What you have to do: No pictures belong in the result; set down exactly the lines from the one containing "- Душевая стойка" through the final line of the listing, and nothing more.

Supplied entries:
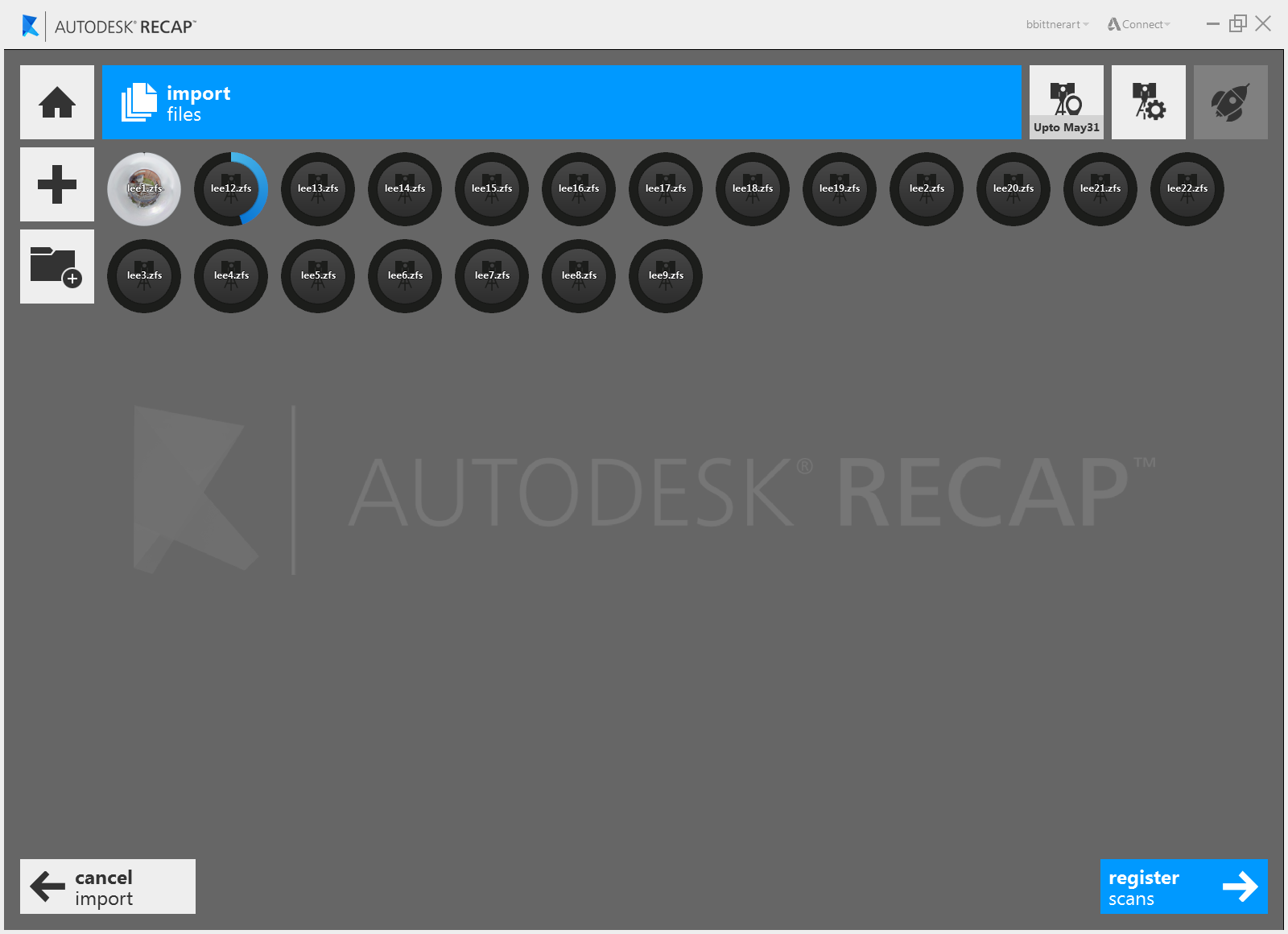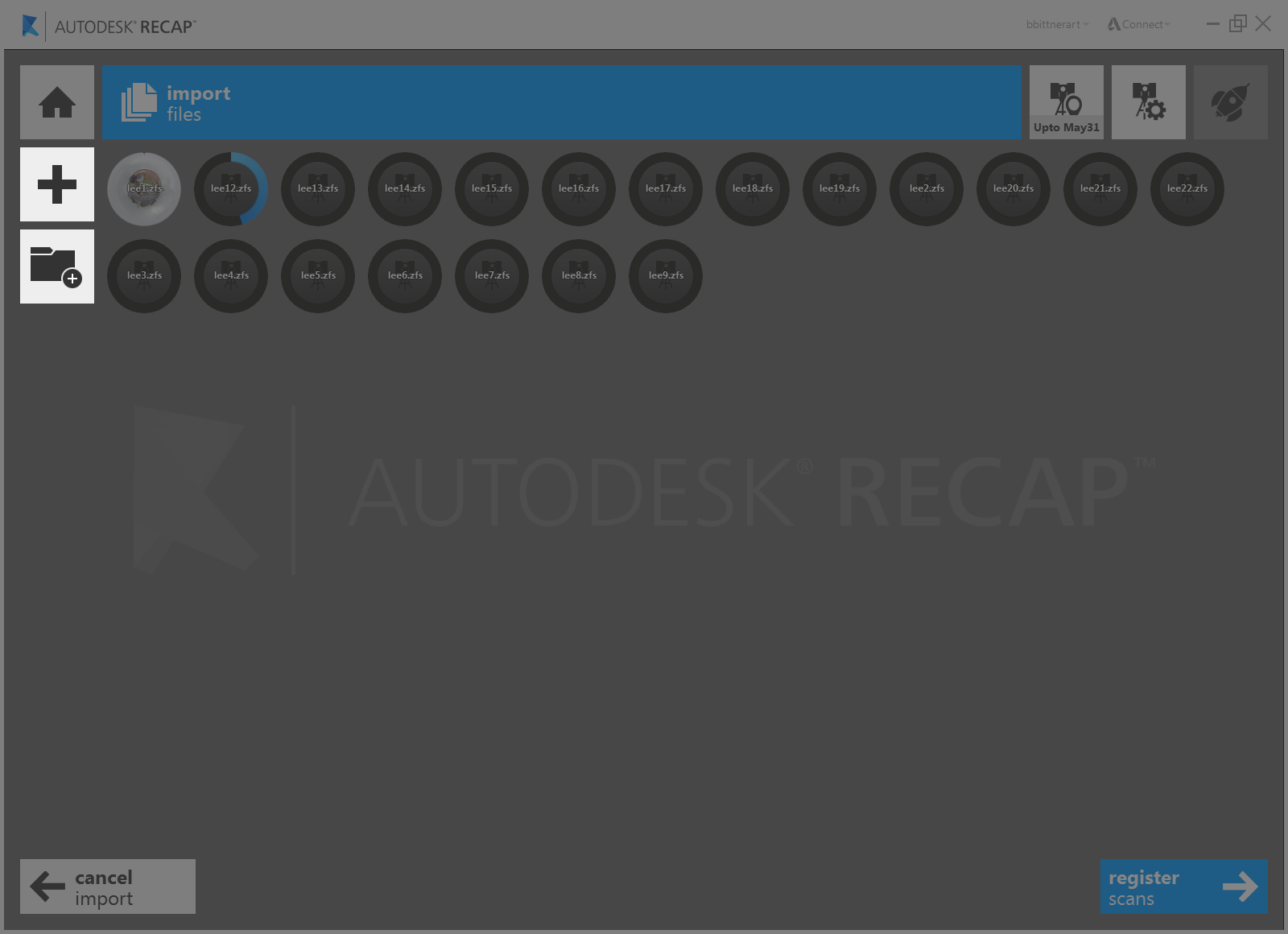 Once you've begun adding files the import process will begin automatically. All files must be imported before automatic registration begins. Manual registration is available as soon as the first scan has been imported. This may take a few minutes depending on number of scans and density of their data. You can see import progress through each scan's individual progress bar:
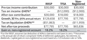 Myth 2: RRSPs aren’t worth it because withdrawals are fully taxed, whereas in non-registered accounts, only income and gains are taxed. A common complaint is that RRSP withdrawals are fully taxed at marginal rates, whereas non-registered accounts only tax income and gains (with favourable tax treatment for dividends and capital gains). While it’s true that RRSP withdrawals (usually from a Registered Retirement Income Fund (RRIF)) are taxed as income, what’s often forgotten is the initial tax deduction at contribution. Remember: a $30,000 RRSP contribution is equivalent to an after-tax contribution of $18,000 at a marginal tax rate of 40 percent. If your tax rate is the same at the time of contribution and withdrawal, you effectively receive a tax-free rate of return on your net after-tax RRSP contribution (chart). In many cases, even if your tax rate is higher at the time of withdrawal, you may be better off compared to a non-registered account due to the effect of tax-free compounding over long time periods.
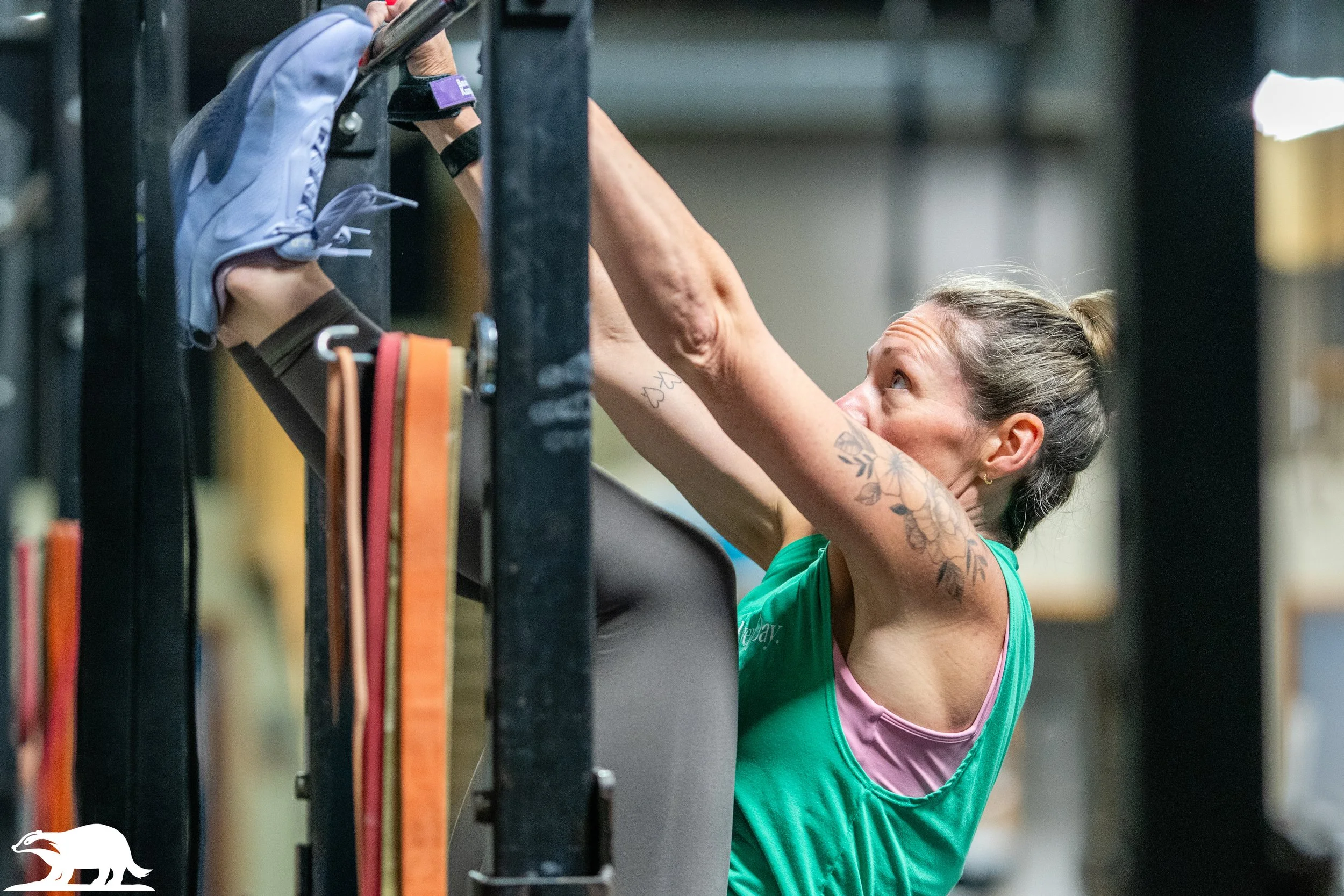 Today’s session builds high-skill conditioning through repeated sprint-style intervals with a gymnastics and rope climb centerpiece. Across eight sets, athletes will complete short runs bracketing core-demanding toes to bar and rope climbs, with 1:00 rest to allow partial recovery and maintain intensity. The focus is on consistency—athletes should aim to hold steady pacing across rounds, using early sets to establish rhythm and saving an extra gear for the final two intervals. Emphasize grip management and efficient rope climb technique during the skill prep, and remind athletes to stay braced through midline fatigue. This is a fast-paced aerobic grind with a strong pulling demand.
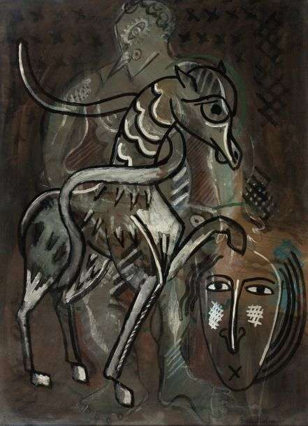Gouache, aquarelle et encre sur carton, signée en bas à droite
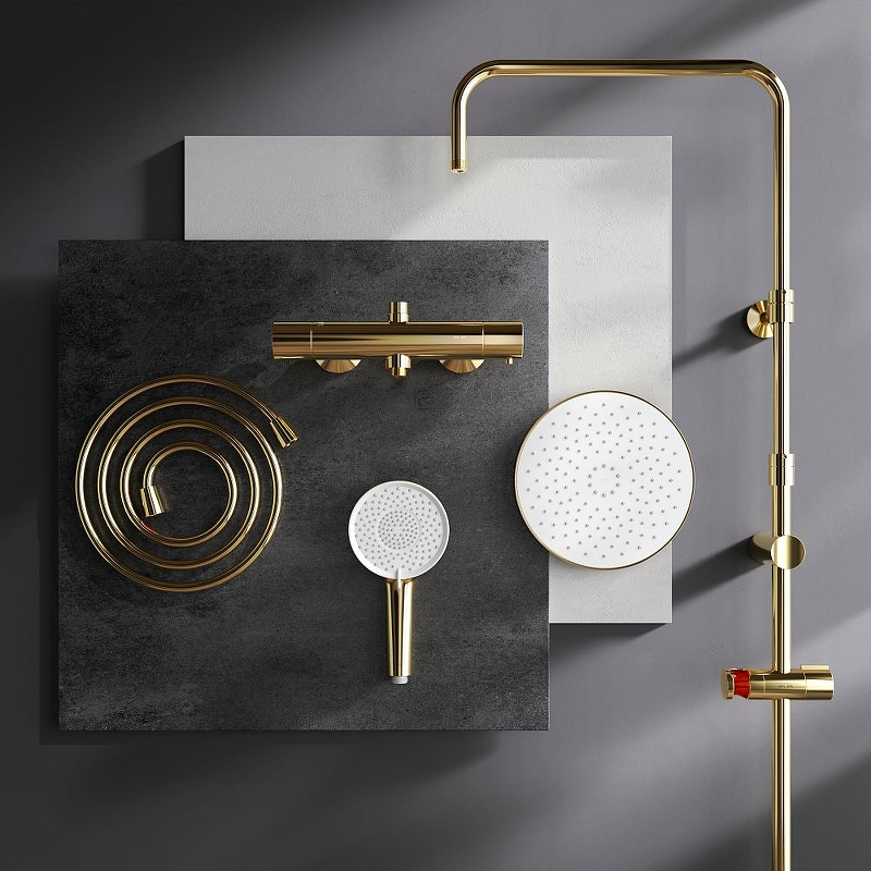 - Душевая стойка с термостатом Am.Pm X-Joy золото F0785A499
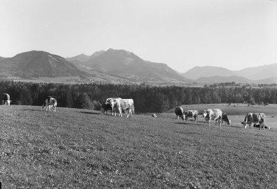 Weide mit Rindern in Sonnreuth bei Woernsmühl (Fischbachau), Lkr. Miesbach, Fotografie: 17.10.1954.

Reply to the exercise:
 - Душевая стойка с термостатом Am.Pm X-Joy золото F0785A499
 Weide mit Rindern in Sonnreuth bei Woernsmühl (Fischbachau), Lkr. Miesbach, Fotografie: 17.10.1954.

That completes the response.